LA FILOLOGIA DANTESCA TRA OTTOCENTO E INIZIO NOVECENTO

L A CRITICA DI G IULIANI NEI CONFRONTI DEI COPISTI MEDIEVAL

Particolarmente complessa è la posizione di Giuliani circa l’uso dei testimoni manoscritti. L’avversione nutrita dallo studioso nei confronti dei codici delle opere dantesche dipende principalmente dalla scarsa fiducia nell’opera di trascrizione dei copisti: la stessa incertezza si ritrova anche in un altro dantista dell’Ottocento, Alessandro Torri, in cui si legge un giudizio pressoché identico a quello di Giuliani:324

Ben è vero, che il merito degli scritti prosaici di Dante è a gran pezza lontano da quello, cui debbe la maggior sua celebrità, e che lo colloca nella ristretta schiera degli eminenti genii poetici, la cui gloria sfolgoreggia su le antiche e le moderne età; ma un motivo per avventura, pel quale non occuparon essi bastantemente l’attenzione altrui, si fu la misera condizione a cui li ridusse l’ignoranza de copiatori, che non arrivando a intenderne le contenutevi dottrine, talvolta per sè medesime difficili, e coperte talvolta dal velo dell’allegoria o d’altro mistico senso, vi seminarono a larga mano i loro errori

323 G. Giuliani, Dante spiegato con Dante: il V canto dell’Inferno commentato da G. B. Giuliani, in “Nuova Antologia di Scienze, Lettere ed Arti”, vol. III, Firenze, 1866, p. 505.
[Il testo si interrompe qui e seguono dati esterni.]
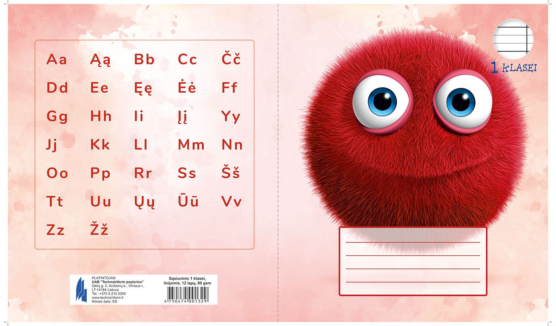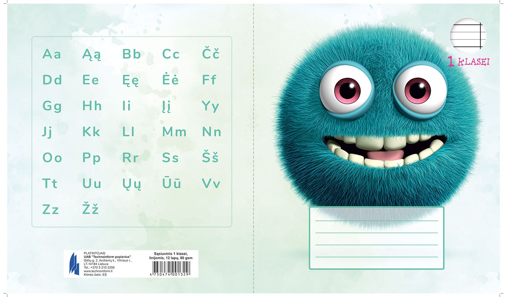 Sąsiuvinis TECHNOINFORM, 1 klasei, A5, 12 lapų, 80 gsm, linijomis

324 Alessandro Torri (Verona, 13 ottobre 1780 – Pisa, 13 giugno 1861) inizialmente si dedicò alla carriera legale, ma l’abbandonò nel 1814 a favore dell’editoria. A partire dal 1822, lo studioso si trasferì in Toscana collaborando, fino al 1826, con l’editore Molini di Firenze; si trasferì quindi a Pisa dove pubblicò vari studi tra cui L'Ottimo commento della Divina commedia, testo inedito di un contemporaneo di Dante. La pubblicazione delle opere dantesche iniziò tuttavia solo negli anni Quaranta con le edizioni delle opere minori: la Vita nuova nel 1843, l’Epistolario nel 1844, la Monarchia nel 1845 e il Volgare eloquio del 1850. Cfr. A. D’Ancona, Necrologio di Alessandro Torri, in “La Nazione”, 19 giugno 1861.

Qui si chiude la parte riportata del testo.